HLA-B27, present in 80-90% of ankylosing spondylitis patients, contributes through multiple mechanisms: misfolding leading to endoplasmic reticulum stress, altered peptide presentation, and formation of disease-promoting homodimers. However, HLA-B27 presence alone proves insufficient—only 5-6% of HLA-B27-positive individuals develop spondyloarthropathy, indicating additional genetic and environmental factors participate.
Recent research implicates the IL-23/IL-17 axis as central to enthesitis pathogenesis. Mechanical stress triggers IL-23 production by entheseal resident cells, subsequently activating IL-17-producing cells including γδ T cells, type 3 innate lymphoid cells, and mucosal-associated invariant T cells. This pathway explains the efficacy of IL-17 and IL-23 inhibitors in treating spondyloarthropathies.
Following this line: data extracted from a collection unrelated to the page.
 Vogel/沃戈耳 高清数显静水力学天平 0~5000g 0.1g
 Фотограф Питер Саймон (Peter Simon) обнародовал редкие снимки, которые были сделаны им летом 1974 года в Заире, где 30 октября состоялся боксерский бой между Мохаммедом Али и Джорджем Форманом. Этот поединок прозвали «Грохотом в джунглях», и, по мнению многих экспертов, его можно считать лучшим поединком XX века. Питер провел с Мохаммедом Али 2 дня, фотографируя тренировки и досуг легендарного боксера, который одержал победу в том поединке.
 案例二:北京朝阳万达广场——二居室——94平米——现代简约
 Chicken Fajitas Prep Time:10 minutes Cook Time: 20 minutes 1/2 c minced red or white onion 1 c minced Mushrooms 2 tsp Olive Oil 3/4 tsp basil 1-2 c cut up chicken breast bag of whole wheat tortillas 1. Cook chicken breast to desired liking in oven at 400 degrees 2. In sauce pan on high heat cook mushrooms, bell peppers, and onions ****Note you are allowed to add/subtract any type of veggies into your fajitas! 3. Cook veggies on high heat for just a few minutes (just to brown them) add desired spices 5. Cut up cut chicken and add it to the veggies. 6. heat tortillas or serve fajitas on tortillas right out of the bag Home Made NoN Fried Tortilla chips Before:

Clinical Pearl #1: The enthesis organ concept recognizes that inflammation doesn't remain confined to the insertion point but involves adjacent bone marrow, periosteum, and soft tissues. This explains why MRI proves more sensitive than clinical examination for detecting enthesitis.
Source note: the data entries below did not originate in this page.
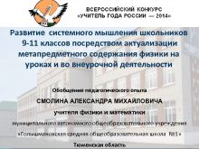 Тюменская область Развитие системного мышления школьников 9 -11
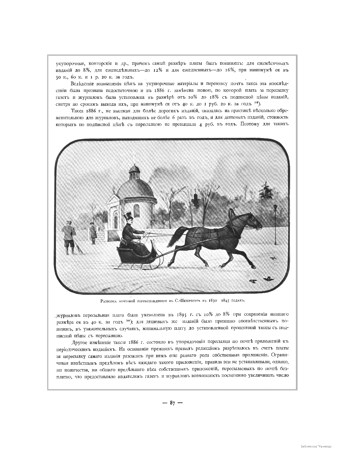 Развозка почтовой корреспонденции в С.-Петербурге в 1830-45 годах.
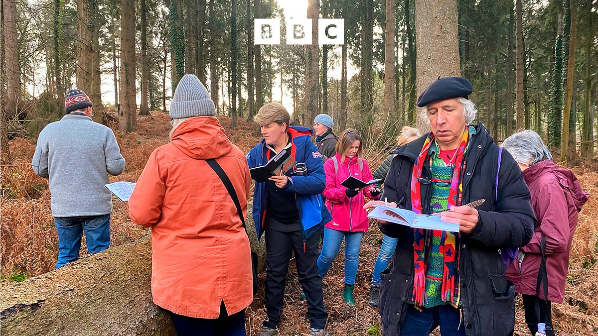 Clare Balding walks with an art group in the Forest of Dean.
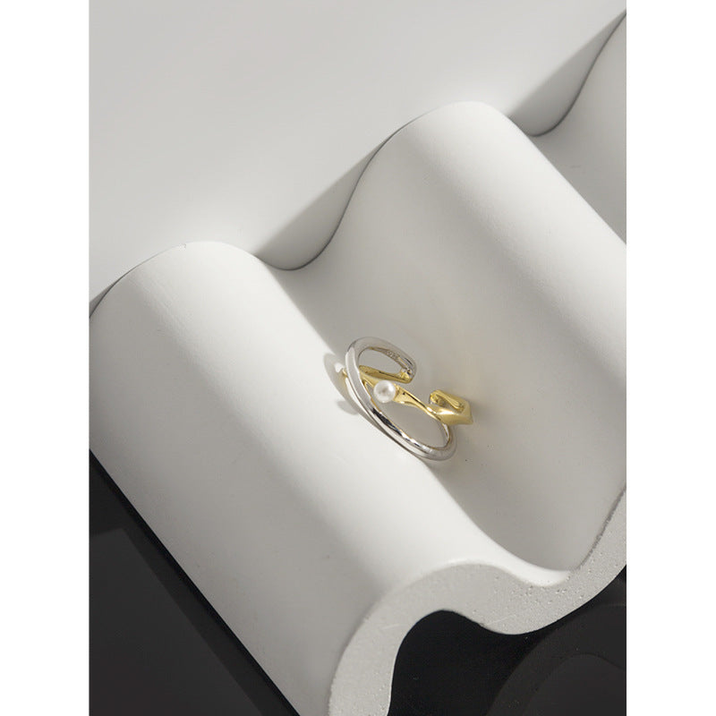 Verleihe deinem Stil Glanz mit unserem Zweifarbiger Perlen-Ring für Damen! Gefertigt aus hochwertigem Silber mit galvanisierter Zweifarb-Optik, besticht dieser verstellbare Ring durch sein geometrisches Design mit Perlenakzenten. Perfekt für den Alltag, besondere Anlässe oder als Geschenk. Hypoallergen und langlebig für einen stilvollen Auftritt.

Clinical Manifestations: The Art of Recognition
Common Entheseal Sites
Polyenthesitis demonstrates predilection for specific anatomical locations:
Lower extremities (most common):
- Achilles tendon insertion (posterior heel)
- Plantar fascia insertion (inferior heel)
- Patellar tendon insertions (superior and inferior pole of patella)
- Iliac crests
- Greater trochanters
- Ischial tuberosities
Upper extremities:
- Lateral and medial epicondyles
- Rotator cuff insertions
- Costochondral junctions
Axial skeleton:
- Spinous processes
- Sacroiliac joints (technically entheseal in nature)
Clinical Characteristics
Enthesitis pain exhibits distinctive features that differentiate it from mechanical causes:
- Inflammatory pattern: Pain worse with rest, improves with activity (contrast with mechanical pain)
- Morning stiffness: Typically exceeding 30 minutes
- Nocturnal pain: Often disrupts sleep, particularly in second half of night
- Loading sensitivity: Tender to direct palpation and stress maneuvers
- Asymmetric distribution: Unlike rheumatoid arthritis, often affects sites asymmetrically
Clinical Pearl #2: The "9 AM rule"—if a patient with suspected enthesitis feels worst at 9 AM (after nocturnal rest and morning stiffness) rather than 9 PM (after day's activities), think inflammatory rather than mechanical etiology.
Associated Features
Polyenthesitis rarely occurs in isolation. Vigilant clinicians search for:
- Inflammatory back pain: Particularly sacroiliitis
- Peripheral arthritis: Often asymmetric, lower-extremity predominant
- Dactylitis: "Sausage digits" from combined tenosynovitis and soft tissue inflammation
- Extra-articular manifestations: Uveitis (anterior, acute, unilateral), psoriasis, inflammatory bowel disease
- Family history: First-degree relatives with spondyloarthropathy, psoriasis, or inflammatory bowel disease
Differential Diagnosis: A Systematic Approach
Primary Spondyloarthropathies
Ankylosing Spondylitis: Axial involvement predominates, with polyenthesitis affecting 30-50% of patients. Males affected more commonly, typically presenting in third decade.
Psoriatic Arthritis: Enthesitis occurs in 35-50% of cases, often preceding or accompanying skin disease. Nail changes (pitting, onycholysis) provide diagnostic clues.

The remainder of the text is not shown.